Peppercress Lepidium solandri

Key Features

  • Grey green or dark brown, deeply tap-rooted herb with a rosette of linear, pinnate, basal leaves up to 10 cm long. Erect, branched flowering stems with smaller leaves bear abundant tiny scented flowers which in female plants turn into small capsules 3-5 mm long. Separate male and female plants are unique within the family (Brassicaceae).
  • This species was formerly known as Lepidium sisymbrioides subsp. sisymbrioides and L. sisymbrioides subsp. matau.

Distribution and Habitat

  • Endemic to the South Island, east of the main divide from north Canterbury to Central Otago (Galloway district, Manuherikia Valley).
  • Short and tall tussock grassland, bare hillsides, salt pans, grey scrub and other poorly vegetated ground.
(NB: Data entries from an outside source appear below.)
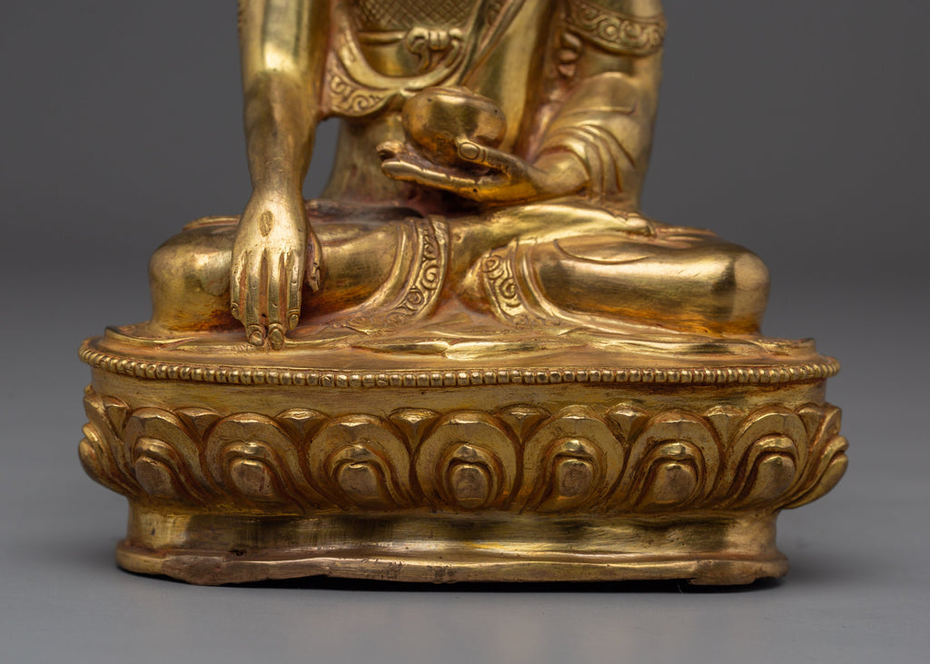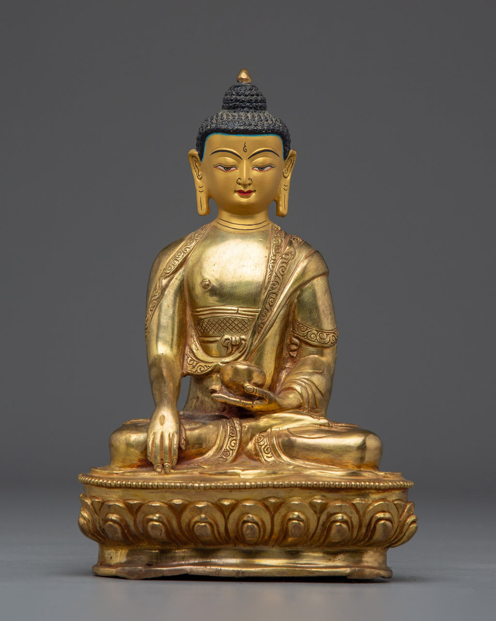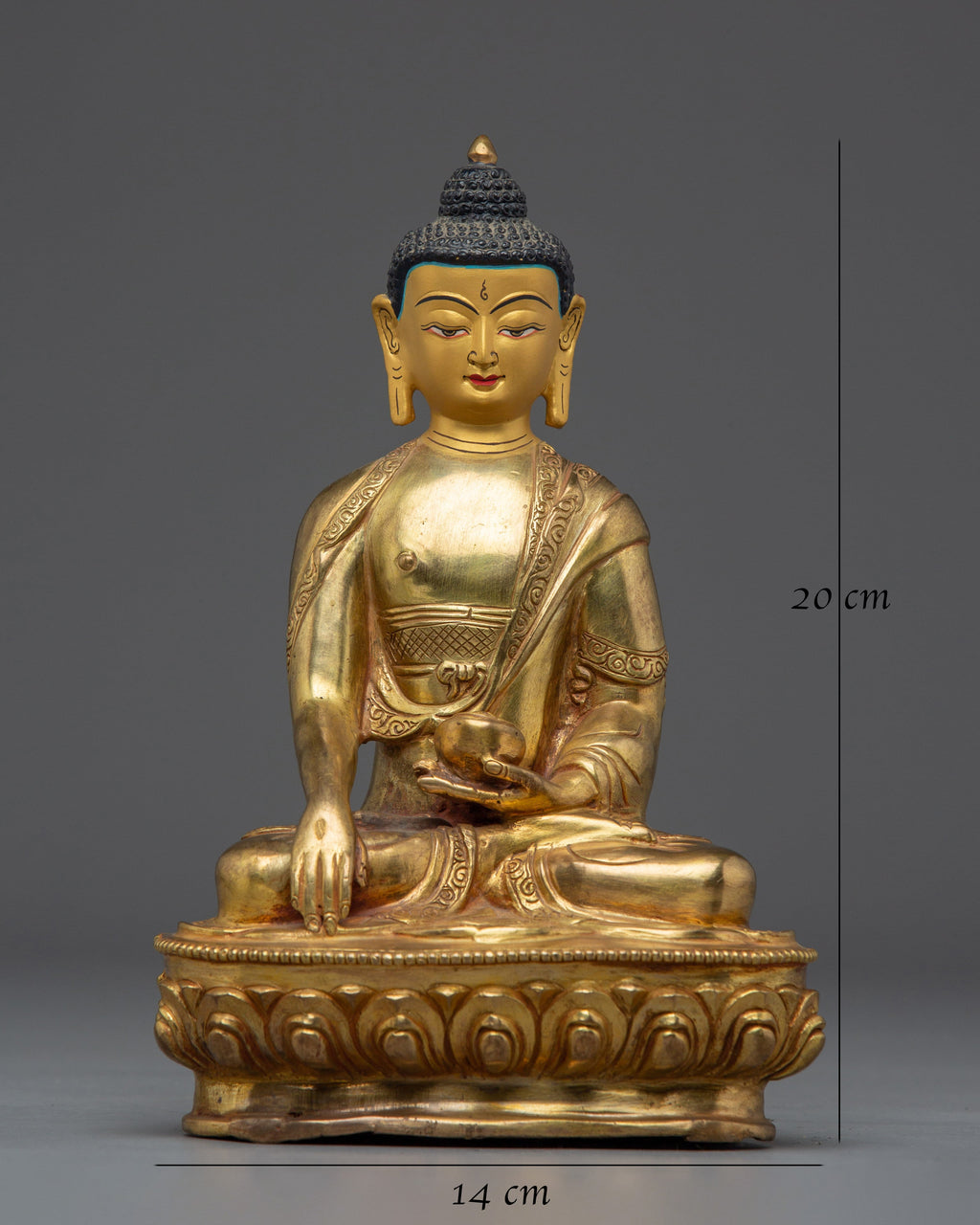 This Shakyamuni Buddha statue, known as the "Sage of the Shakya Clan," portrays the historical Buddha in a moment of serene enlightenment beneath the Bodhi tree. He represents purity and spiritual awakening in the Vajra posture (Padmasana) on a lotus base. His right hand is extended toward the earth in the Bhumisparsha Mudra, inviting the world to witness his enlightenment. His left hand holds an alms bowl in his lap, symbolizing renunciation. The ushnisha atop his head signifies wisdom, and the spiral curls covering his head are said to represent the snails that protected him from the scorching sun during his meditation, an emblem of selfless devotion and nature’s reverence. His serene face reflects inner peace and deep meditation. This elegantly crafted statue embodies tranquility, spiritual growth, and enlightenment, making it a perfect addition to meditation spaces, altars, or any place of contemplation.
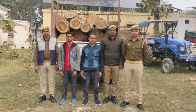 *हर्रैया/बलरामपुर।* पुलिस अधीक्षक बलरामपुर केशव कुमार के निर्देशन में जनपद में वृक्षों के अवैध कटान पर पूर्णत: अंकुश लगाए जाने हेतु चलाए जा रहे अभियान के क्रम में अपर पुलिस अधीक्षक श्रीमती नम्रिता श्रीवास्तव व क्षेत्राधिकारी ललिया राधारमण सिंह के पर्यवेक्षण में एवं थानाध्यक्ष थाना हरैया अखिलेश कुमार पान्डेय के कुशल नेतृत्व में आज दिनांक 24/01/2023 को थानाध्यक्ष अखिलेश कुमार पान्डेय मय हमराही उपनिरीक्षक होसिला प्रसाद, हेड कॉन्स्टेबल विनोद यादव, कॉन्स्टेबल लक्ष्मण यादव, कॉन्स्टेबल विश्वास यादव मय वाहन सरकारी के देखभाल थाना क्षेत्र, रात्रि गस्त में मामूर थे। जनपद श्रावस्ती वार्डर पर स्थित बैरियर चेकिंग पर तैनात हेड कॉन्स्टेबल उपेन्द्र कुमार यादव व कॉन्स्टेबल सुरेशचन्द्र तिवारी के साथ संदिग्ध व्यक्ति/वाहन चेकिंग के दौरान एक पिकअप पर लदी हुई 14 बोटा जंगली सागौन की लकडी सहित दो अभियुक्तों को गिरफ्तार कर थाना स्थानीय पर मुकदमा अपराध संख्या– 12/2023 धारा 379/411 भा०द०वि० व फारेस्ट एक्ट 26/27/29/31/51 डब्ल्यूएलपी एक्ट का अभियोग पंजीकृत कर अभियुक्तों को माननीय न्यायालय भेजा जा रहा है।
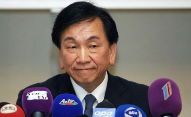 AIBA President Wu Ching-Kuo attends a news conference in Baku
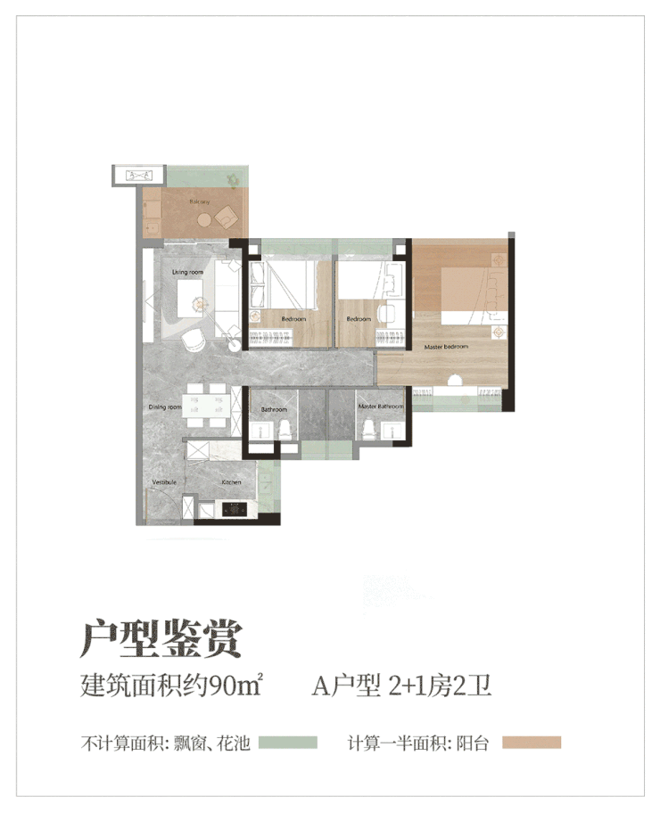 3、南向90㎡产品超宽楼间距,望中心园林,更具私密性;
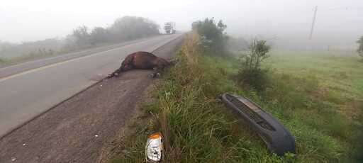 Uma cavalo morreu e pelo menos dois veículos ficaram danificados em um acidentes no final da madrugada de segunda-feira (19), na BR-287, em São Pedro do Sul.  O acidente envolveu uma carreta, uma van e um carro Fiesta. As cidades das placas dos veículos não foram informadas.
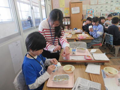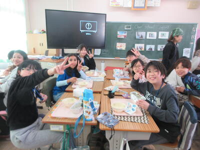 「CAJの子がおかわりしてくれた」「英語で話しながら食べた」「牛乳の開け方を教えてあげた」と交流のうれしかった話を聞けました。
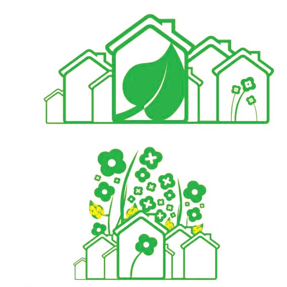 绿色房子,绿色的环境,环保手抄报插图素材
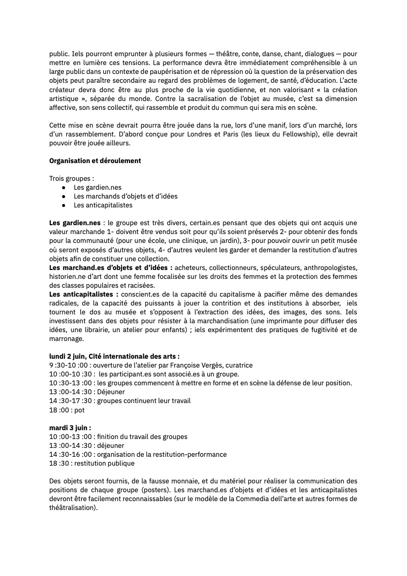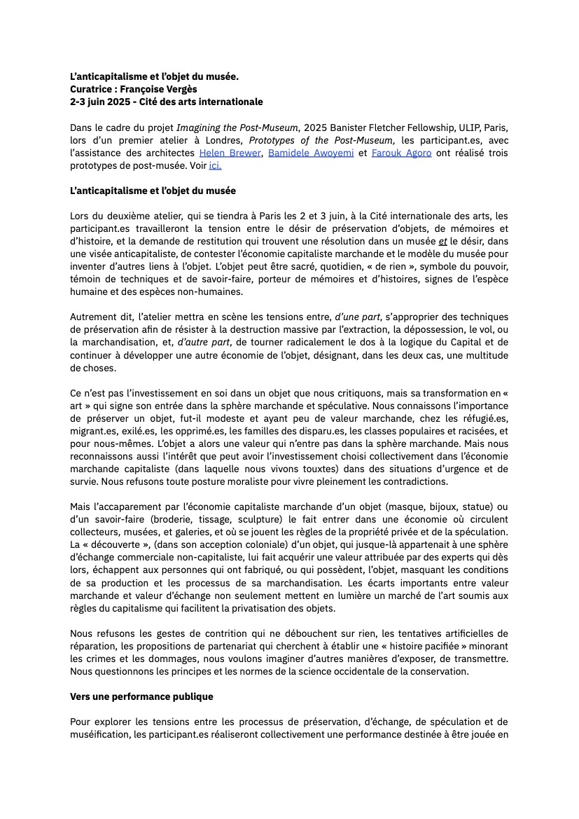 Following a long conversation between the participants during the first public workshop at Whitechapel Gallery in London in April 2025, Françoise identified two main positions: The first considers that preservation is important, that museum collections contain extremely valuable artistic and cultural heritage from Africa, Asia, Europe, the Americas, Oceania and the Caribbean. That losing them would be terrible, constituting an irreparable loss of memory and history, practices, technologies, and creativity. For not all collections consist of looted artworks and heritage, and the peoples and communities of the South would be the first to be deprived of traces of their culture. Examples of museums working closely with communities were cited. The second considers that the capitalist commodification process that transforms sacred and mundane objects into “art” must be radically questioned. For racial capitalism is based on the sacred principle of private property (even in public museums), on extraction and dispossession. The museum denies common ownership; it is inscribed in systems of banking, insurance and speculation; it is built on high-value land, sometimes expropriated. That the museum is a reserve for capitalist accumulation, and its fictitious neutrality hides structural violence, racism and exploitation (of maintenance workers, guards and staff). That reforms only serve to merely mask the systemic violence of its violent origins. These two positions—the need for a space to preserve and protect community heritage and the need for a more radical anti-capitalist transformation of society, —were the focus of the workshop held in Paris on 2 and 3 June. Drawing on a theory of street theatre, as described by Brazilian dramaturge Augusto Boal, the workshop sought to work through these two positions through the medium of performance.
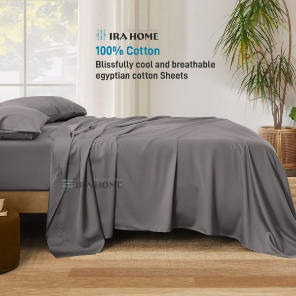 IRA HOME 500-TC Egyptian Cotton 4-Piece Bedsheet Set Experience the feeling of everyday luxury with the IRA HOME 100% Pure Cotton Standard King Size 4-Piece Bedsheet Set {1 Flat Sheet (108” x 108”), 1 Fitted Sheet Fits Up To 10” Deep Pocket (72” x 78”) & 2 Pillowcase (18” x 28”)}. Made of 100% Egyptian Cotton, the Bedsheet offers supremely soft comfort and strength—perfect for use in any master or guest bedroom.
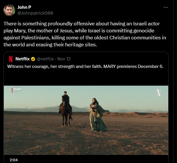 इजरायल और फिलिस्तीन के बढ़ते विवाद की वजह से 'मैरी' की बायोपिक सुर्खियों में आ गई है। सोशल मीडिया पर कई लोग इस बात पर आपत्ति जता रहे हैं कि एक इजरायली एक्ट्रेस को फिल्म में क्यों कास्ट किया गया है। एक यूजर ने लिखा, "एक इजरायली एक्ट्रेस यीशु की मां मैरी का रोल प्ले कर रही है, ये बहुत ही अपमानजनक है, क्योंकि हम सब जानते हैं कि इजरायल फिलिस्तीनियों का नरसंहार कर रहा है। उन्होंने कुछ पुराने क्रिश्चिन समुदायों को खत्म कर दिया है। वह उनकी विरासत को मिटा रहे हैं"।
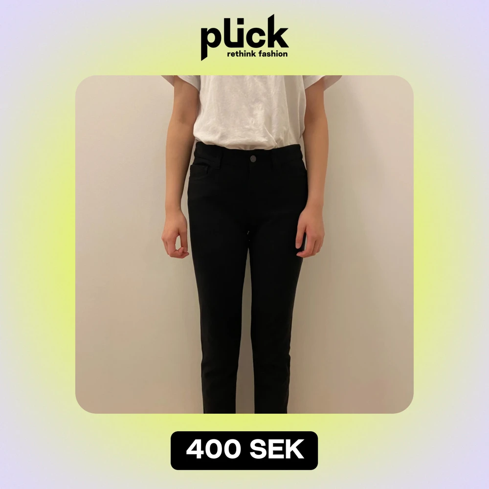 Snygga svarta byxor från Agnès b. i storlek 36. De är högmidjade och har en slim passform som ger en stilren look. Perfekta för både vardag och fest. 🖤
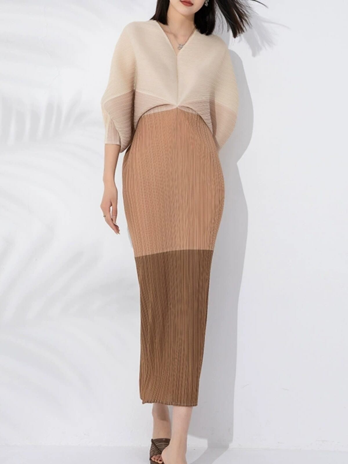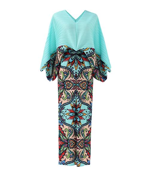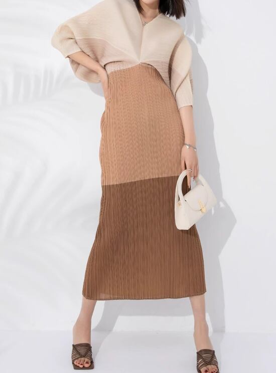 ミヤケドレス2023春夏ファッションの最新作、配色バットスリーブレトロVネックフィッシュテイルプラスサイズプリーツロングスカートが登場しました。ブルーの鮮やかな色合いが目を引く一枚は、大人の女性にぴったりのエレガントなデザインです。

On open clay or salt pans, limestone talus, gravel veneers overlying schist, mudstone, or eroded silts and clays.

Threats

  • Habitat modification and loss.
  • Animal browsing.
  • Competition with exotic plants (e.g. thyme).
  • Seed predation by invertebrates.

Management Opportunities

  • Survey for new locations.
  • Mark known sites.
  • Protection of habitat.
  • Propagation of plants for re-establishment at appropriate sites.
  • Weed control.
  • Avoid afforestation of known sites.

Monitoring Options

  • Check existing populations annually.
  • Report new locations to DOC, NZPCN.

Further Information and Support

  • New Zealand Plant Conservation Network (NZPCN). http://www.nzpcn.org.nz
  • Weed and pest animal management - Department of Conservation, Regional Councils.
  • References
    • Dopson, S.R.; de Lange, P.J.; Ogle, C.C.; Rance, B.D.; Courtney, S. & Molloy, J. (1999). The conservation requirements of New Zealand’s nationally threatened vascular plants. Threatened Species Occasional Publication 13. Department of Conservation, Wellington.
    • Allen, R.B. (2000) Inland Lepidium recovery plan. Threatened Species Recovery Plan 32. Department of Conservation, Wellington.
    • Peter de Lange, Peter Heenan, David Norton, Jeremy Rolfe and John Sawyer (2010). Threatened Plants of New Zealand. Canterbury University Press, Christchurch. 472 pp.
    • Heenan P.B., Mitchell A.D, McLenachan P.A., Lockhart P.J., and de Lange P.J. (2008). Natural variation and conservation of Lepidium sisymbrioides Hook. f. and L. solandri Kirk (Brassicaceae) in South Island, New Zealand, based on morphological and DNA sequence data. New Zealand Journal of Botany 45: 237–264.